I quickly private-messaged him. “Are you the Uzi Mishan who was in the Hatikva Neighborhood in ‘82?” I wrote in Hebrew, and signed it as Shlomo Horwitz from Baltimore.
And then I went to sleep. Or tried to. I was so excited I found myself waking up repeatedly. I waited until 7 AM to check my phone in the kitchen and found the following message:
“Shlomo! Zeh ani!! It’s me!!”
Three months ago my wife and I went to Israel to our family, and part of that family was Uzi, his wife Celli, and his kids Rom, Ravid and Raz, who live happily in Be’er Yaakov in Central Israel. Reuniting with him was one of the happiest days of my life.
Uzi and the author, reunited after 35 years
As part of our massive catching-up, I learned that Uzi had become a professional wrestler in Israel after his army service. He was intensively physically fit and now runs a successful business as a party planner.

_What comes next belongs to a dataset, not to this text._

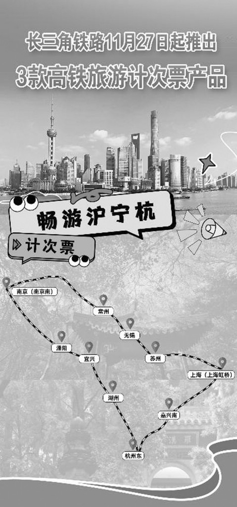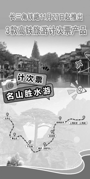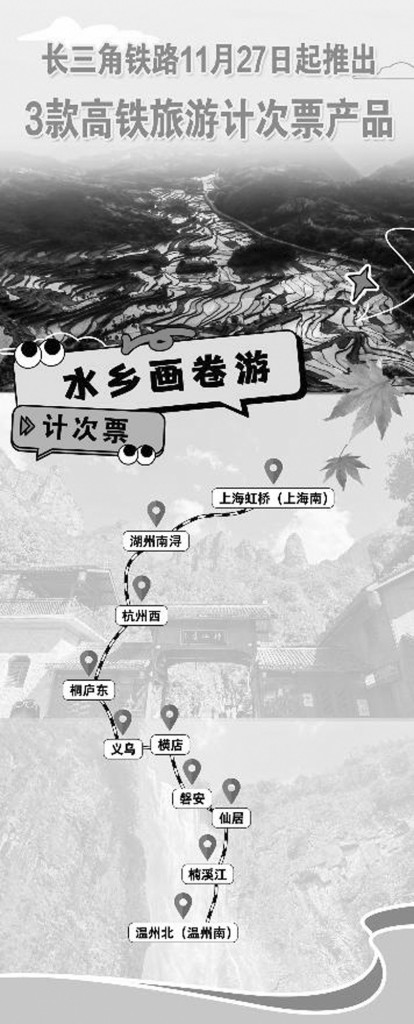 记者从中国铁路上海局集团有限公司(以下简称上铁集团)获悉,此次推出的“畅游沪宁杭”“名山胜水游”“水乡画卷游”3款旅游计次票产品,涉及宁杭高铁、沪苏湖高铁、杭温高铁、杭黄高铁、沪宁城际等5条高铁线路的26座车站,以“1次购买、分段乘坐、15天有效”的全新组合售卖模式,为广大旅客提供便利、优惠、自由的乘车新体验。
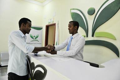 | Keywords: indoor A customer service officer (right) attends to a client at the offices of the first insurance company in Somalia called 'Takaful & Retakaful,' (meaning Insurance & Re-Insurance) in Mogadishu, Somalia on July 26, 2015. AMISOM Photo / Omar Abdisalam A customer service officer (right) attends to a client at the offices of the first insurance company in Somalia called 'Takaful & Retakaful,' (meaning Insurance & Re-Insurance) in Mogadishu, Somalia on July 26, 2015. AMISOM Photo / Omar Abdisalam |

Uzi now knows that I’ve been involved in Jewish education ever since I met him, because of him. He told me that he has never stopped attending Torah classes since I studied with him back in 1982, and has studied with a host of rabbis in the Tel Aviv and Be’er Yaakov area.

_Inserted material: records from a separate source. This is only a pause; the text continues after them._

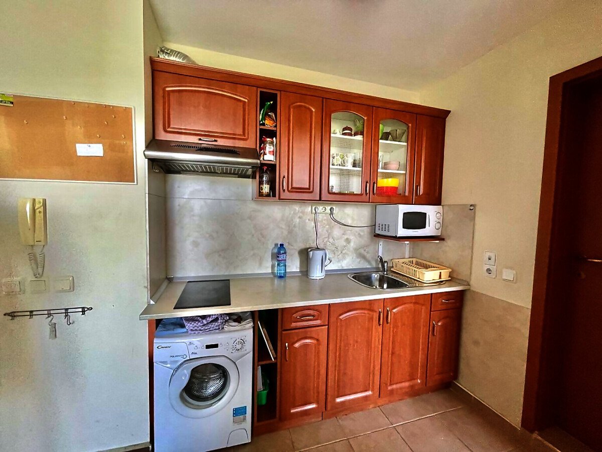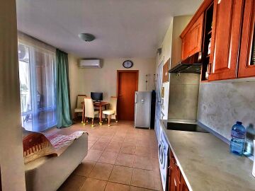 Апартаментът се намира на втори етаж и е с площ от 57кв.м., състои се от стилна вчекидневна с кухненски блок, две светли спални, баня и тераса с гледка към двора.
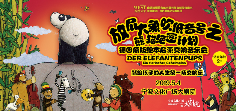 5月4日宁波文化广场大剧院,2019放屁大象吹低音号之熊猫绝密计划德国原版绘本启蒙交响音乐会-宁波站,这是一场故事和音乐完美融于一体的视听交响音乐会,温馨而欢乐。
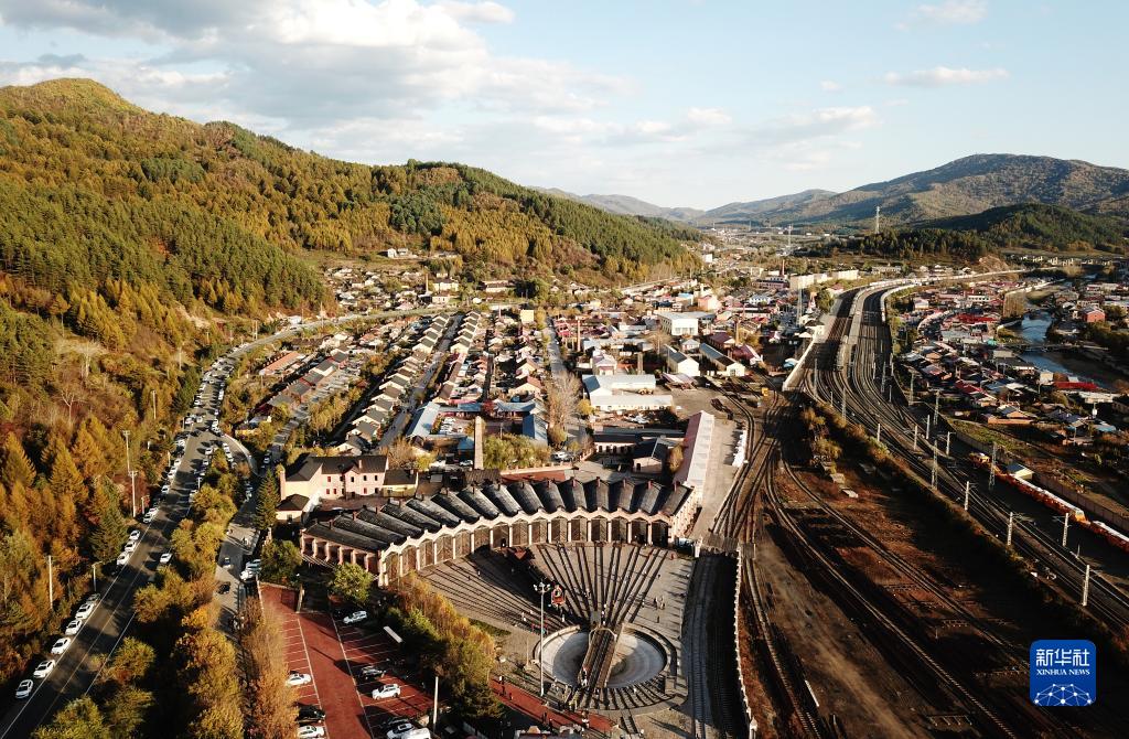 這是10月2日拍攝的橫道河子中東鐵路機車(chē)庫遺址和部分俄式建筑(無(wú)人機照片)。
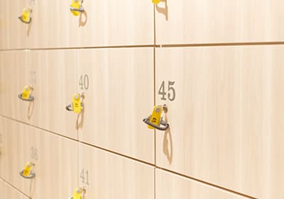 清潔で広々とした洗面所付きの脱衣所がございます。鍵付きのロッカーがついており、貴重品も安心です。
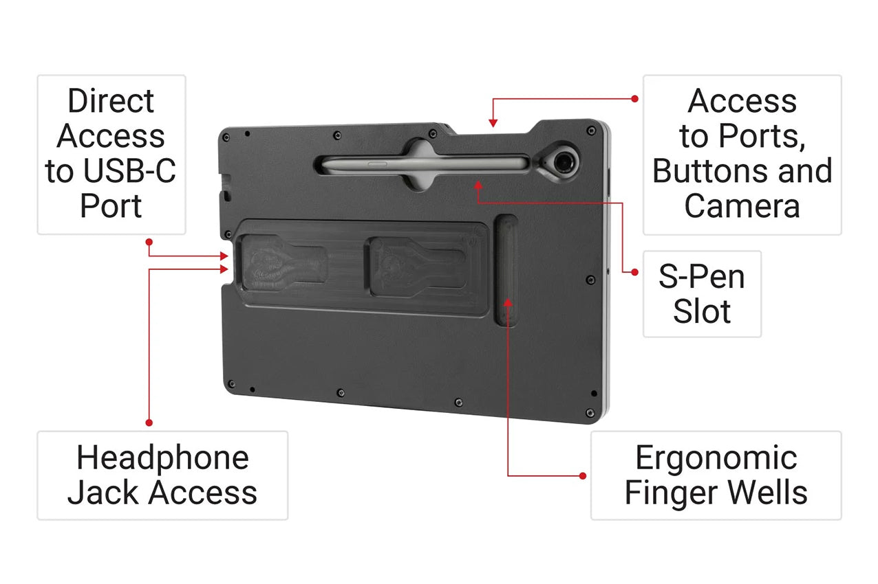 Lengéscsillapító rugókkal felszerelve biztosítja a végső eszközvédelmet. A Hard Case-t 1,8 méterről betonra történő leejtéstesztelésnek vetették alá. A táblagép és a dokkoló közötti közvetlen USB-C hozzáférés egyidejű gyors töltést és nagy sebességű adatátvitelt tesz lehetővé.
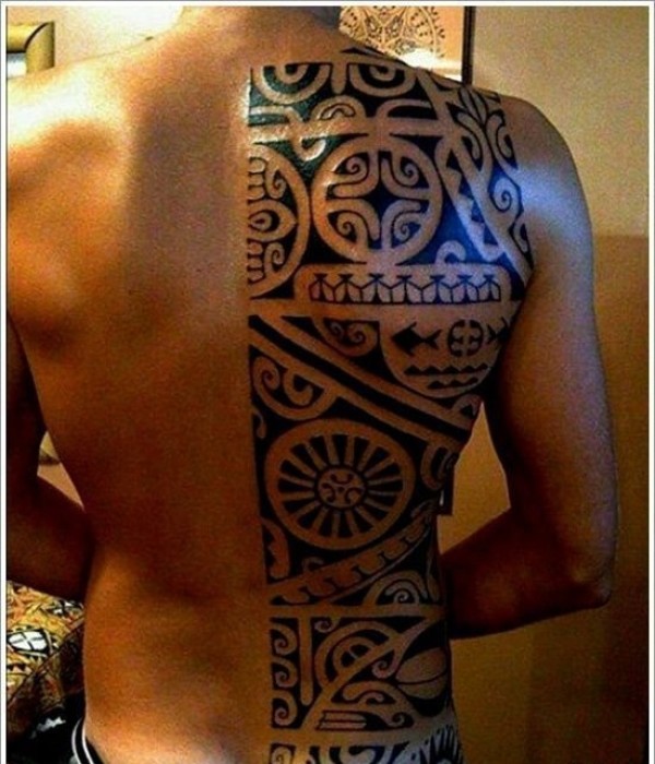 男性背部帅气的部落图腾纹身图案
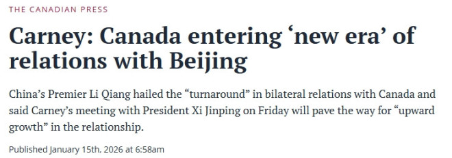 卡尼表示,加拿大正进入与中国关系的“新时代”。他指出,此次北京之行不仅象征着关系回暖,也为两国在可成为“战略伙伴”的领域展开更深入对话奠定了基础。

Uzi also shared something deeply personal with me and urged me to share it with you.
When he was 29, he was diagnosed with a genetic neurological disease called CMT (Charcot-Marie-Tooth), which is incurable. Although some people have mild symptoms, Uzi’s case was so severe that he had trouble walking and moving around. His legs and shoulders were in pain and he had issues with the soles of his feet and his knees. His muscles began to atrophy and get smaller to the point where he had difficulty picking things up. His hands would shake from the strain of even holding a cup of coffee. His doctor told him to start winding down since he’d shortly be disabled and unable to work at his present job.

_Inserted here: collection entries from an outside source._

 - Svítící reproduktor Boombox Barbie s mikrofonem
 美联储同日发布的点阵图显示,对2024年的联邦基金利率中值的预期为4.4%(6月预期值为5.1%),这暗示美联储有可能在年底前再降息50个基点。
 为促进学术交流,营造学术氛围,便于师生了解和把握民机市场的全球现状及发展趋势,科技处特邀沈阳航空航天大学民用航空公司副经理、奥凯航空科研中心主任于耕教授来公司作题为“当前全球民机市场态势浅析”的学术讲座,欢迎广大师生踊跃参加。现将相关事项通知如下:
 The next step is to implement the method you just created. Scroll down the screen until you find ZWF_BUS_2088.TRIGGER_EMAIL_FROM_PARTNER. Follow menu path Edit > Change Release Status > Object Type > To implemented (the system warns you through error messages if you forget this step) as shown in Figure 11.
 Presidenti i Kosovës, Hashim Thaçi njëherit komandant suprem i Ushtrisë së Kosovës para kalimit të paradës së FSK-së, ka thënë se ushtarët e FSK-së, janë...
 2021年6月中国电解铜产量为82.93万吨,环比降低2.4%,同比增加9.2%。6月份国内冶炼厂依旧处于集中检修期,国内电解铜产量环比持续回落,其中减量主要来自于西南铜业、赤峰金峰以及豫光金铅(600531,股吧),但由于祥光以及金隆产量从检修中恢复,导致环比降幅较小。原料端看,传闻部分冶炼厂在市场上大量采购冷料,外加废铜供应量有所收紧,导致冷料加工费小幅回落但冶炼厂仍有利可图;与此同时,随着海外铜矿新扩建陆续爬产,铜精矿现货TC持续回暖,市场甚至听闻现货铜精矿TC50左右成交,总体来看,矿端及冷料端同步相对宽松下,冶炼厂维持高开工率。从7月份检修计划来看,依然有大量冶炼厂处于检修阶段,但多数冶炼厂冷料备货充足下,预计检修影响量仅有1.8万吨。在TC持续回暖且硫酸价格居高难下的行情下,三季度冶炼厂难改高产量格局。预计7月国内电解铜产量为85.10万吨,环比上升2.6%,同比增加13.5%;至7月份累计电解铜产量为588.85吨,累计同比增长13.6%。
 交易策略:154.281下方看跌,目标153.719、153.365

He was heartbroken and went to his rabbi in Tel Aviv, Rav Yechiel. Rav Yechiel immediately took Uzi to see the great Rabbi Ovadiah Yosef, the former Chief Rabbi of Israel, for his blessings. The venerable rabbi placed his hand on Uzi’s head and said a few words of prayer in a low voice. Uzi broke down and cried. He felt a strange sensation running through his body.
Uzi visiting Rabbi Ovadia Yosef, ob"m
He left the rabbi and over a short amount of time all of his symptoms disappeared. He returned to the doctor who was thunderstruck that this was the same person whom he had just informed that he’d be disabled. The doctor ran additional electromyogram (EMG) exams to detect abnormal neuromuscular conditions, and determined that the underlying disease was still present but all the accompanying symptoms were gone.
Uzi has since gone back to his extreme fitness and can bench press 375 lbs, something unheard of for a patient with CMT. One year ago he had another EMG which still showed that the disease was present. But he is still marvelously strong and fit, and symptom-free. He and his family are grateful to God for this miracle. So am I.
With great joy, Uzi and I have started to learn Torah together once again.
What’s an interruption of 35 years between brothers anyway?